The financial crisis continues to test the faith of Swensen's disciples. Most are hanging in-but not the California Institute of Technology. Until 1997, Caltech had a plain-vanilla portfolio, with only 1 percent of its endowment invested in alternatives. Then, after consulting with Swensen and other Ivy League endowment managers, Caltech boosted alternatives to 25 percent. It raised alternatives again in 2002, to 40 percent, and in 2006, to 60 percent, including 25 percent in hedge funds, 13 percent in private equity, 10 percent in real estate, 8 percent in timber, and 2 percent apiece in energy and commodities.

But in August 2007, recognizing that the U.S. economy was shaky, Caltech decided to begin selling domestic stocks and keep 10 percent of the endowment in cash. Now, Caltech is backing away even more and converting 40 percent of its endowment to cash, mainly by selling stocks and redeeming investments in hedge funds that weren't locked up. Chief investment officer Sandra Ell says she considered selling private equity as well but sat tight because the secondary-market prices were too low. "You'd be lucky to get 30 to 50 cents" on the dollar, she says.

"We literally saw there was truly no place to hide," Ell says. "Every single pocket of our portfolio was affected. Our view is truly that this situation could get even worse and it's not going to get better for another year. Our goal is not to make money now. Our goal is to preserve that capital off which the institution funds its operations."

Swensen says Caltech-style market timing is risky: "When you go away from a sensible long-term strategy, you have to be right twice-when you exit and when you get back in."

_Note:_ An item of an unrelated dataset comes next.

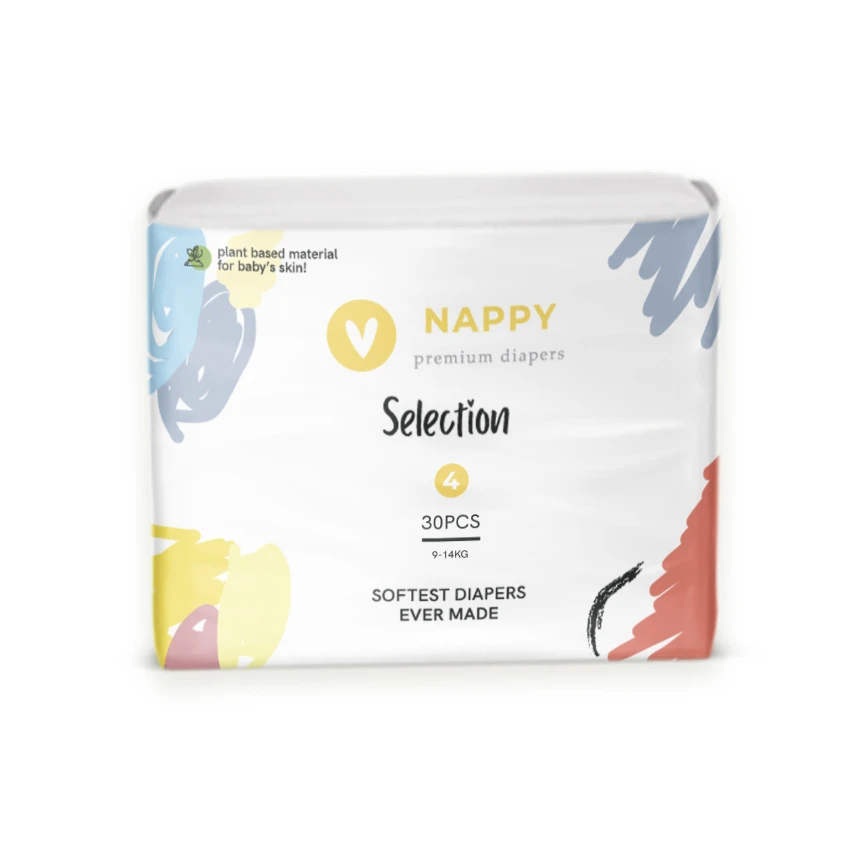 Nappy Selection is made with plant based sustainable material especially for your babies skin, our patented channels technology that allows up to 12 hours leak free protection, and easy movement has revolutionized the diaper performance, added to the specially developed softness to keep your babies skin dry and soft.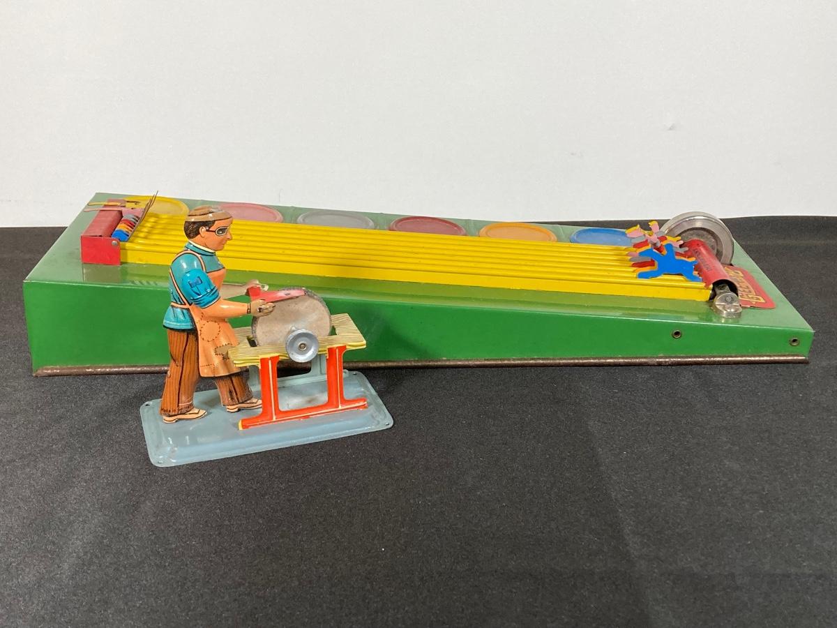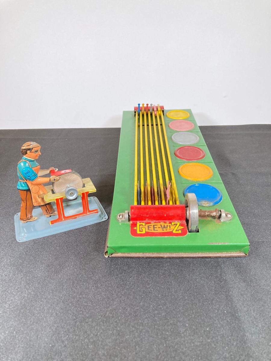LOT 27J: Vintage Tin Toy Collection - Grinding Stone and Gee Wiz

While Caltech is an extreme example, many universities are reassessing the Yale model. Allan Bufferd, treasurer emeritus at MIT, says endowments and foundations are "reexamining their asset allocation policy" and "more rigorously considering their liquidity risk."

"We were an early mover in all the nontraditional stuff too," says William Spitz, who retired in 2007 as Vanderbilt University's chief investment officer. "We weren't very far behind Yale and Harvard." But now, he explains, "I've heard people say, 'All these different kinds of investments got clobbered. Maybe we don't need such a complex portfolio.'?"

Rice University in Houston faces particularly intense liquidity pressures because it relies on its endowment to contribute almost half of the operating budget, a higher proportion than most other schools. Scott Wise, who in two decades as Rice's chief investment officer has led its Swensen-esque diversification from stocks and bonds into nontraditional investments, says it's carrying more cash in its portfolio and trying to sell some hedge funds: "We're all learning that many of the hedge funds were not as liquid as was expected."

Fortunately, endowment managers seeking counsel in these troubled times can turn to a fully revised and updated edition of Pioneering Portfolio Management, published early this year by Free Press. On January 9, it ranked 1,269 on Amazon?.com, far ahead of High-Resolution CT of the Chest: Comprehensive Atlas, by Eric Stern and Stephen Swensen.

The new edition tempers the original's attitude toward liquidity. For instance, the heading "Illiquidity's Attractions" has been replaced by the more neutral "Illiquidity and Information." And the topic sentence of that section-"Illiquidity accompanies several characteristics prized by serious investors"-has been deleted.